--- Task brief ---
Leaving out all pictures, transcribe exactly the lines between the line with "虽然北京国安靠李磊进球扳回一" and the last line of the records below, both included.

--- Stored records ---
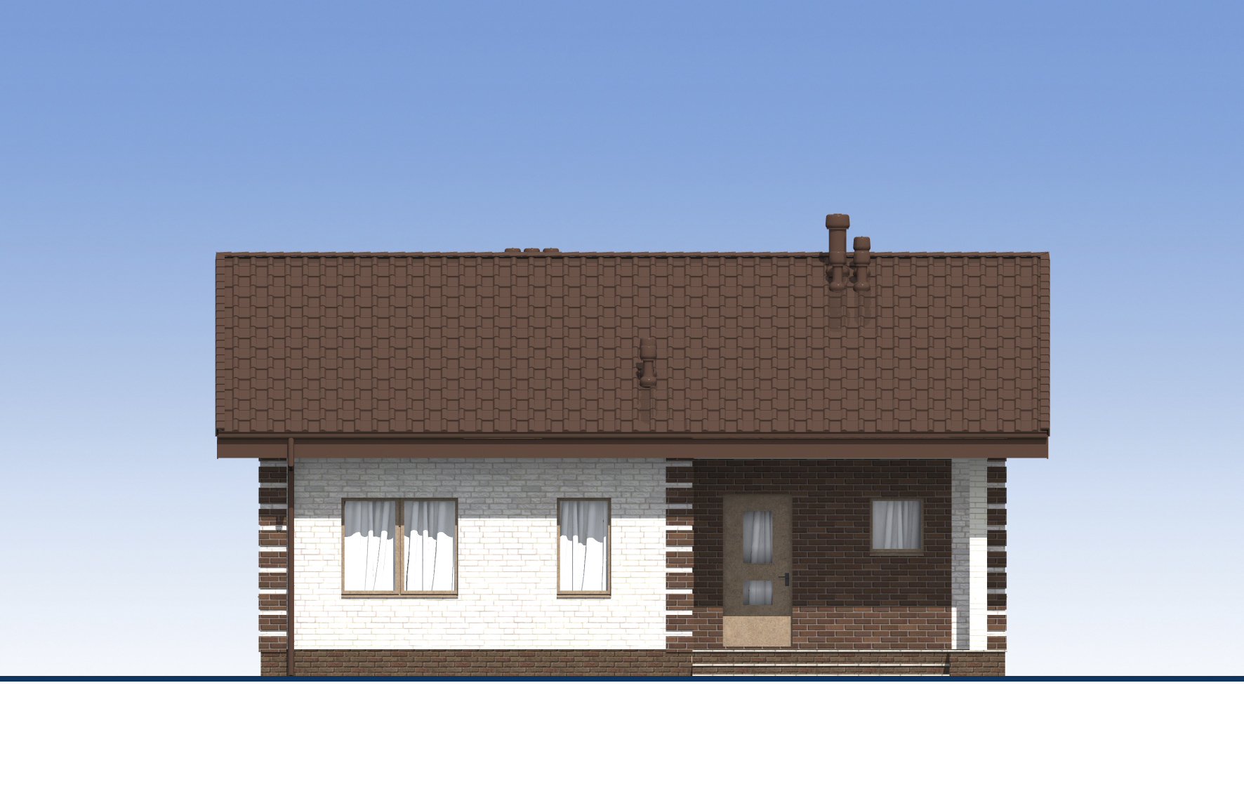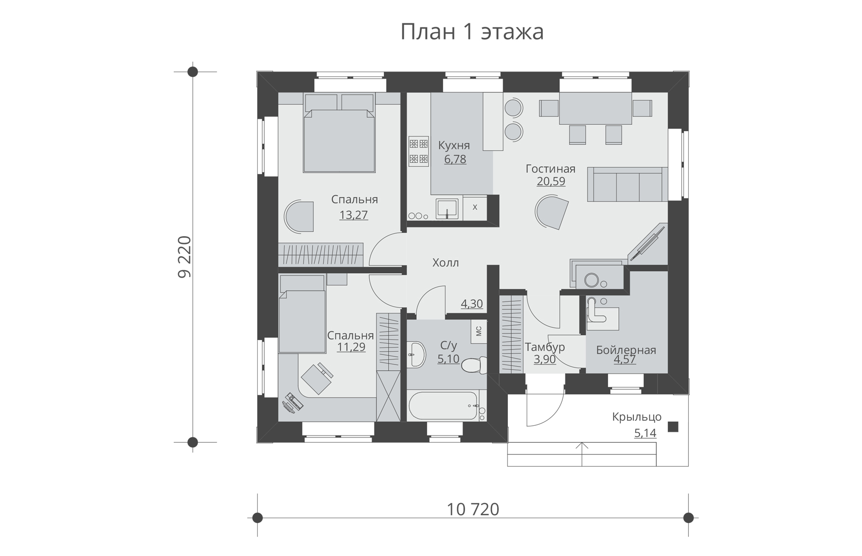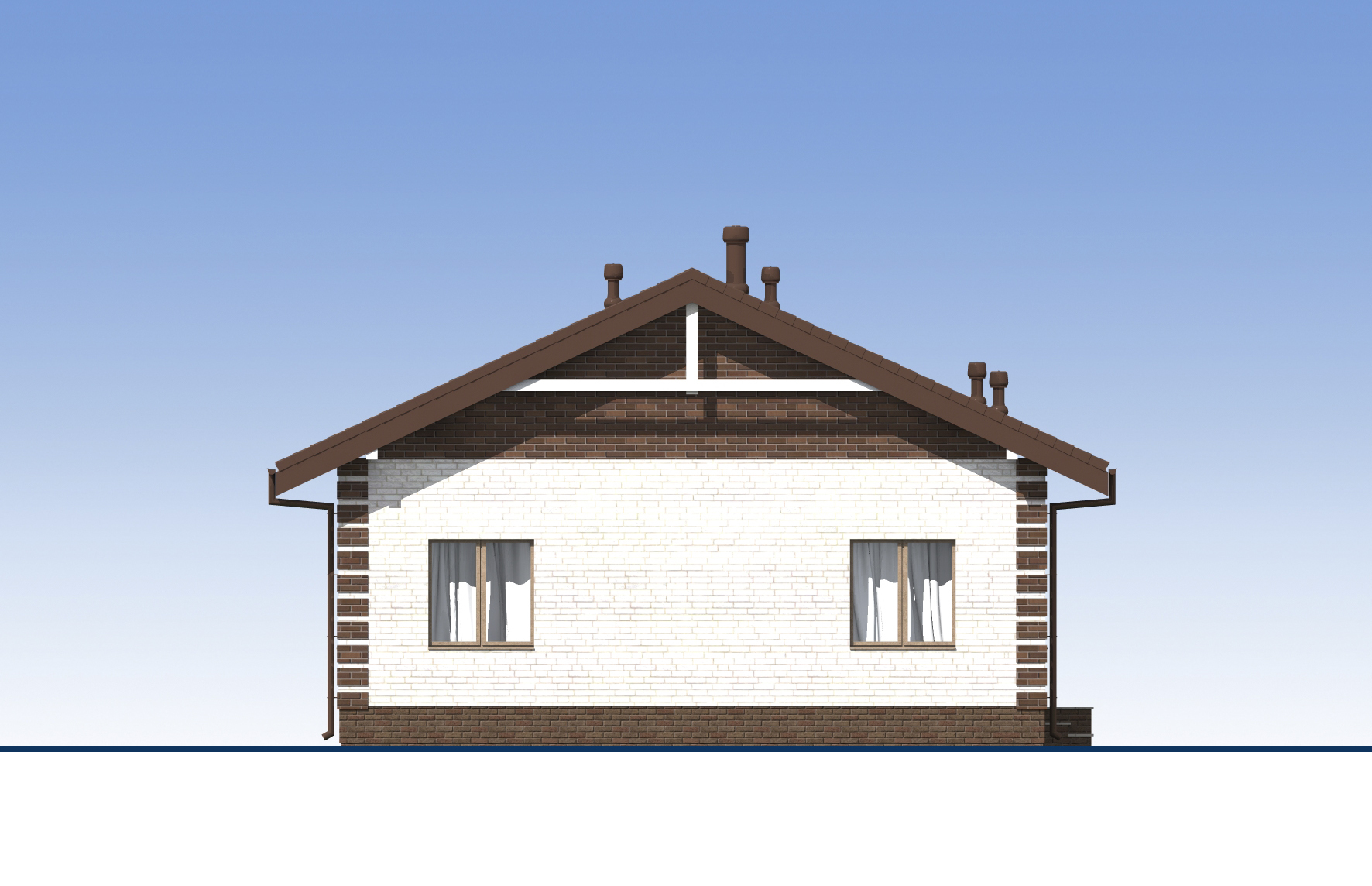 Одноэтажный жилой дом с размерами здания 9,22 м х 10,72 м. Фундамент - ленточный монолитный ж/б под несущими стенами. Наружные стены - газобетонные блоки с утеплением минеральной ватой и отделкой облицовочным кирпичом. Пол этажа - сборные ж/б плиты. Черда
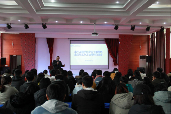 本网讯(文/肖海清 图/李俊男 何文楷)为进一步提高我院学生干部的综合素质、树立远大理想、增强自我教育、自我管理、自我服务的意识,土木工程学院团委学生会于2020年12月1日下午13:00~13:30在土木办公楼演艺厅开展“土木工程学院学生干部角色定位和工作方法培训交流会”。
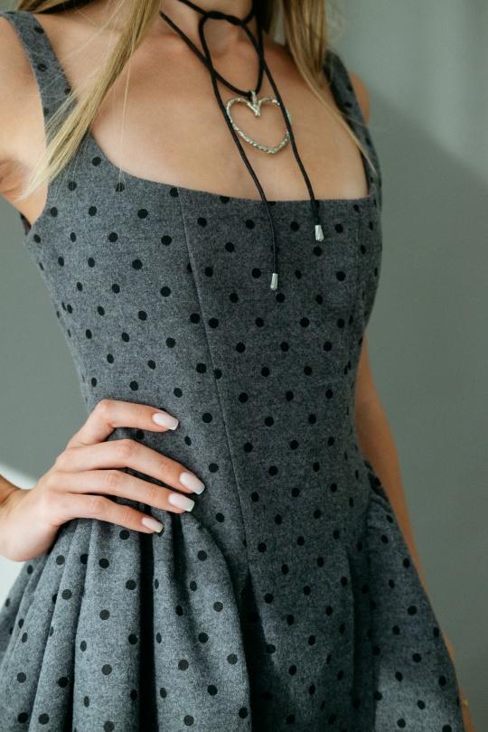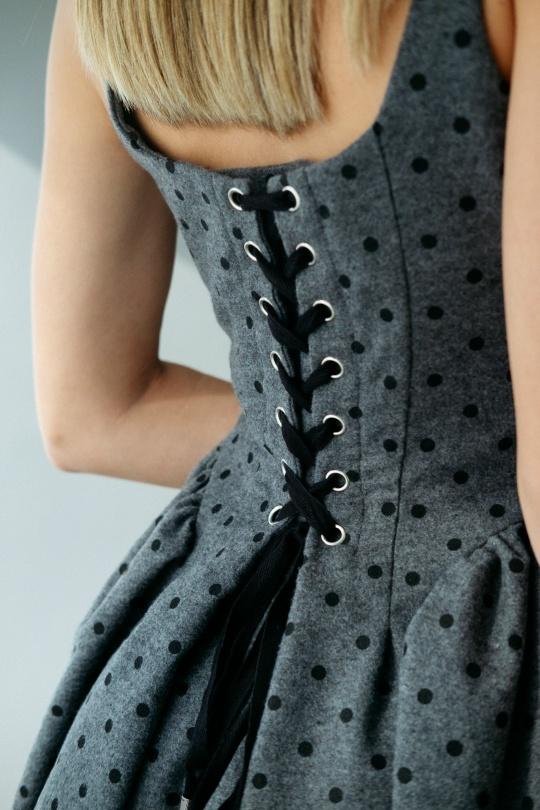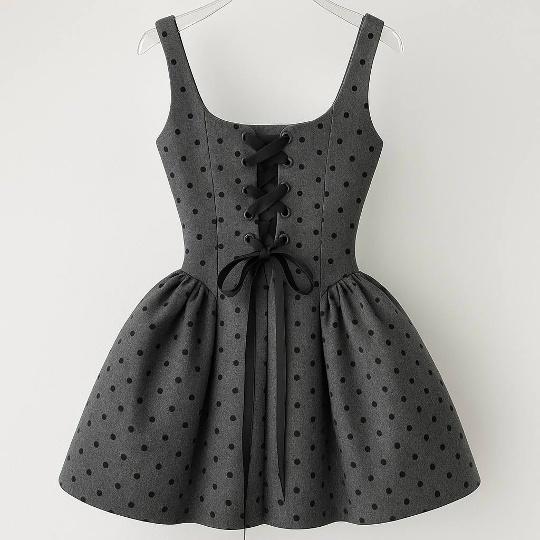 Состав: Хлопок 100 % – Классический хлопок: дышит, впитывает влагу, приятен к телу – Ткань без эластана – нет растяжимости, но отлично держит форму благодаря шнуровке – Подвержено сминанию Фасон: приталенный корсет со шнуровкой (можно регулировать размер), объемная мини‑юбка и квадратный вырез. Принт - горох Уход: деликатная стирка при 30 °, гладить с изнанки
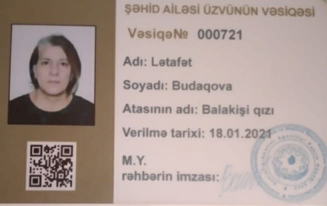 Paylaşımda deyilir: “Şəhid Yusif Budaqovun anası Lətafət xanım!
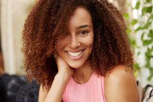 • Close up shot of positive dark skinned teenage girl has Afro hairstyle, dressed casually, has shining smile, rests indoor with close friend or boyfriend, being in good mood. People, beauty, ethinicity
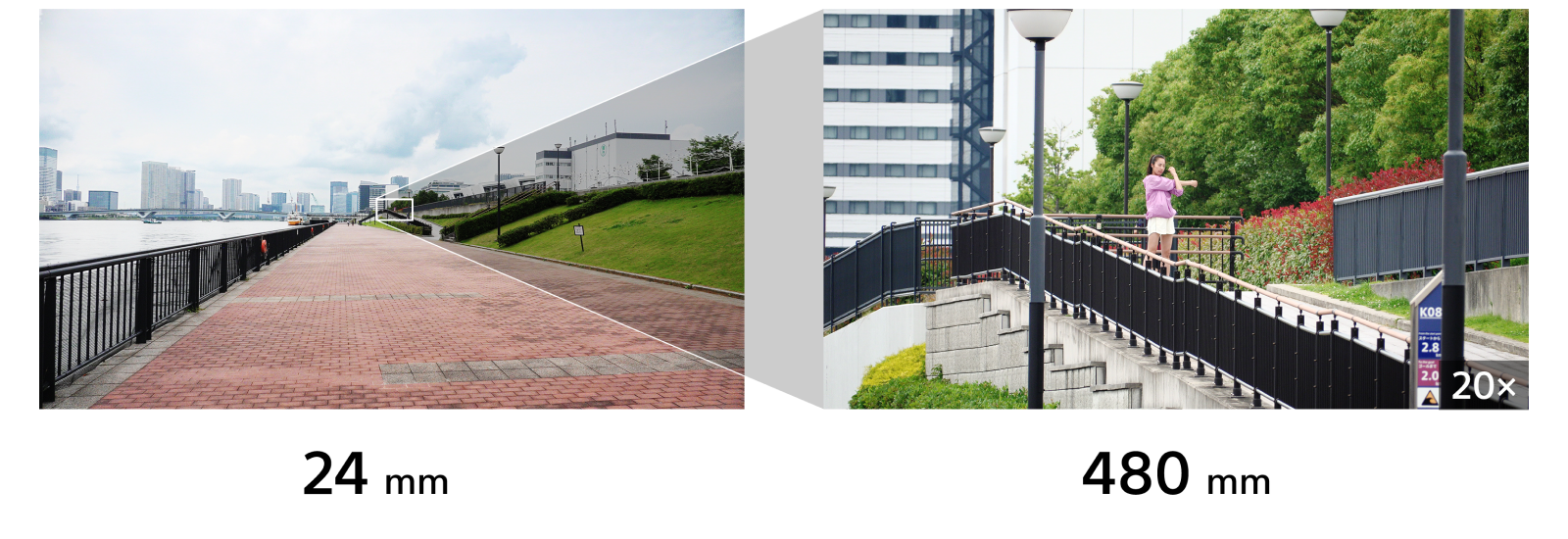 Con un rango de zoom óptico de 24 a 480 mm (equivalente a full-frame de 35 mm), tiene el respaldo de la tecnología Clear Image Zoom de Sony, que agrega la capacidad para alcanzar 30x de zoom al grabar en 4K o 40x de zoom en FHD. Y puede explorar las aperturas máximas de F2.8 (gran angular) y F4.5 (teleobjetivo) haciendo zoom de manera rápida, fluida y silenciosa.
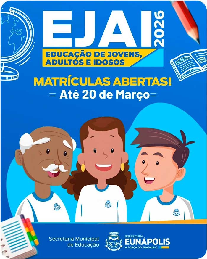 A Prefeitura de Eunápolis, por meio da Secretaria Municipal de Educação, está com inscrições abertas até o dia 20 de março de 2026 para a Educação de Jovens, Adultos e Idosos (EJAI). A modalidade é destinada a pessoas que não tiveram acesso ou não concluíram os estudos na idade adequada, garantindo o direito à educação e oferecendo novas oportunidades de aprendizado, inclusão escolar e desenvolvimento pessoal.
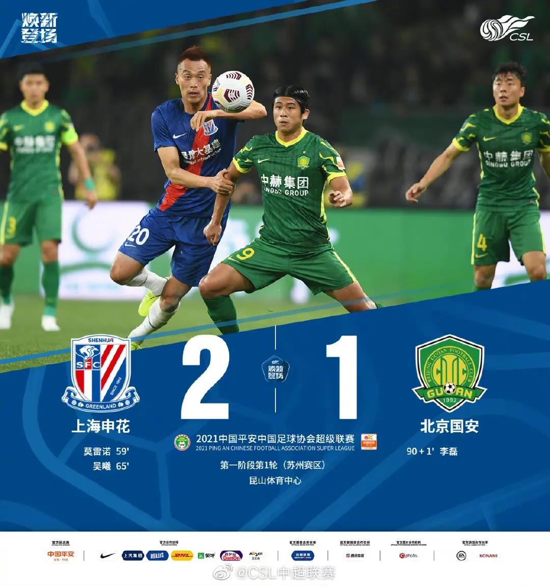 虽然北京国安靠李磊进球扳回一分,但比赛所剩时间已经不多了,上海申花最终以2-1战胜对手,拿下赛季开门红!
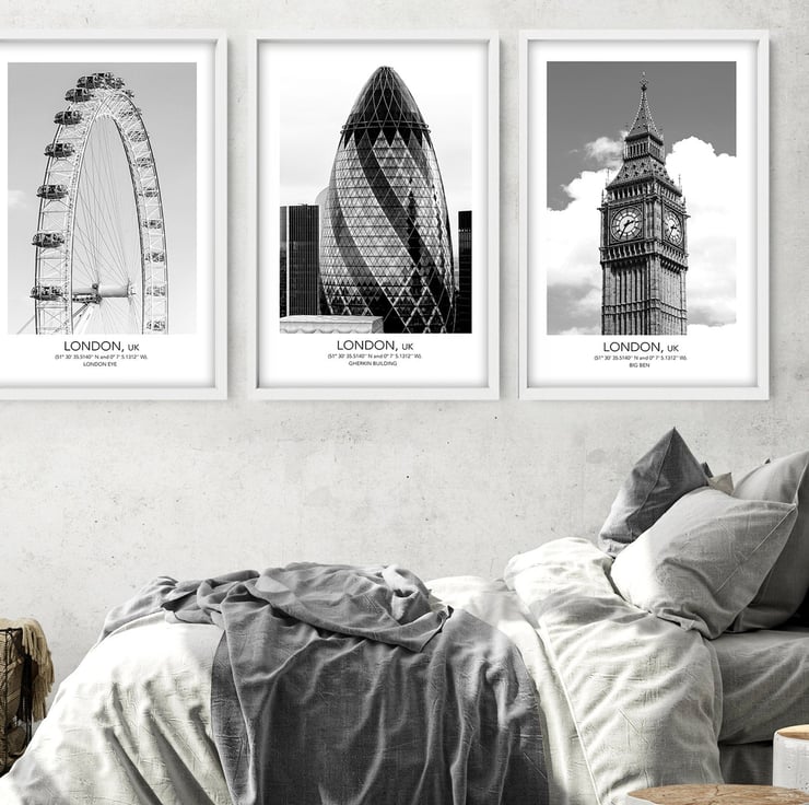 You will receive 3 non-framed London Iconic Landmarks Wall Art Prints.

--- Result of the task ---
 虽然北京国安靠李磊进球扳回一分,但比赛所剩时间已经不多了,上海申花最终以2-1战胜对手,拿下赛季开门红!
 You will receive 3 non-framed London Iconic Landmarks Wall Art Prints.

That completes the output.